DIRECTIONS FOR THIS TASK. Once the pictures are removed, restate the data below word for word.

Start of DATA SHOWN

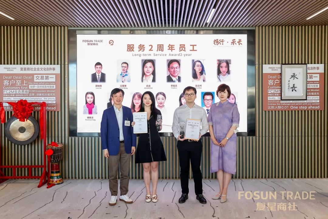 同时,复星商社授予九安医疗、英科医疗、艾康生物、3M等“复星商社全球卓越供应商奖”;授予NJF、上海西岸开发、京东国际、徐汇国投等“全球战略合作伙伴奖”;授予顾晓亮、王慧博、白洁、李俊兵、胡钰杨子等“服务2周年员工”称号。
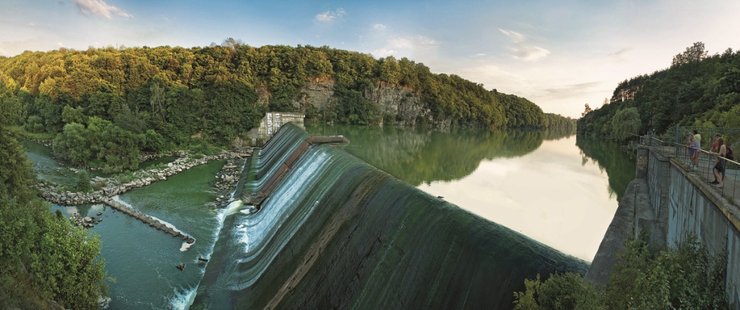 Если посмотреть с моста против течения реки, вдалеке виднеется обелиск и высокая плотина, похожая на водопад. Если осталось время — нам туда: можно пройти по уютным прибрежным улочкам, а можно подъехать на транспорте, идущем в сторону Гидропарка. К плотине можно пройти через Парк славы; чуть выше по течению на левом берегу над рекой нависает скала Голова Чацкого.
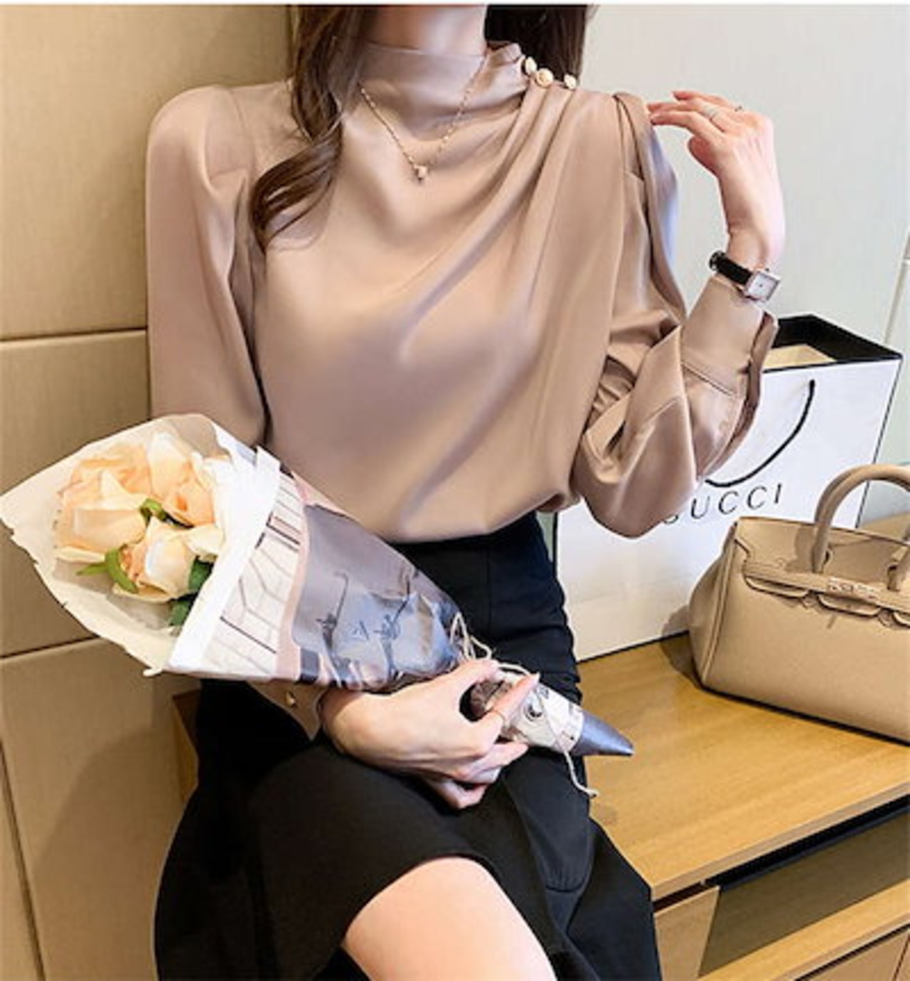ブラウス レディース 長袖トップス シフォン シャツ インナー レディース 春 秋 プチハイネック 二の腕カバー きれいめ エレガント ビジネス オフィスウェア 無地 ゆったり オシャレ ギャザー 上 | DOKO-ME

End of DATA SHOWN

SOLUTION TO THE PROBLEM.
 同时,复星商社授予九安医疗、英科医疗、艾康生物、3M等“复星商社全球卓越供应商奖”;授予NJF、上海西岸开发、京东国际、徐汇国投等“全球战略合作伙伴奖”;授予顾晓亮、王慧博、白洁、李俊兵、胡钰杨子等“服务2周年员工”称号。
 Если посмотреть с моста против течения реки, вдалеке виднеется обелиск и высокая плотина, похожая на водопад. Если осталось время — нам туда: можно пройти по уютным прибрежным улочкам, а можно подъехать на транспорте, идущем в сторону Гидропарка. К плотине можно пройти через Парк славы; чуть выше по течению на левом берегу над рекой нависает скала Голова Чацкого.
ブラウス レディース 長袖トップス シフォン シャツ インナー レディース 春 秋 プチハイネック 二の腕カバー きれいめ エレガント ビジネス オフィスウェア 無地 ゆったり オシャレ ギャザー 上 | DOKO-ME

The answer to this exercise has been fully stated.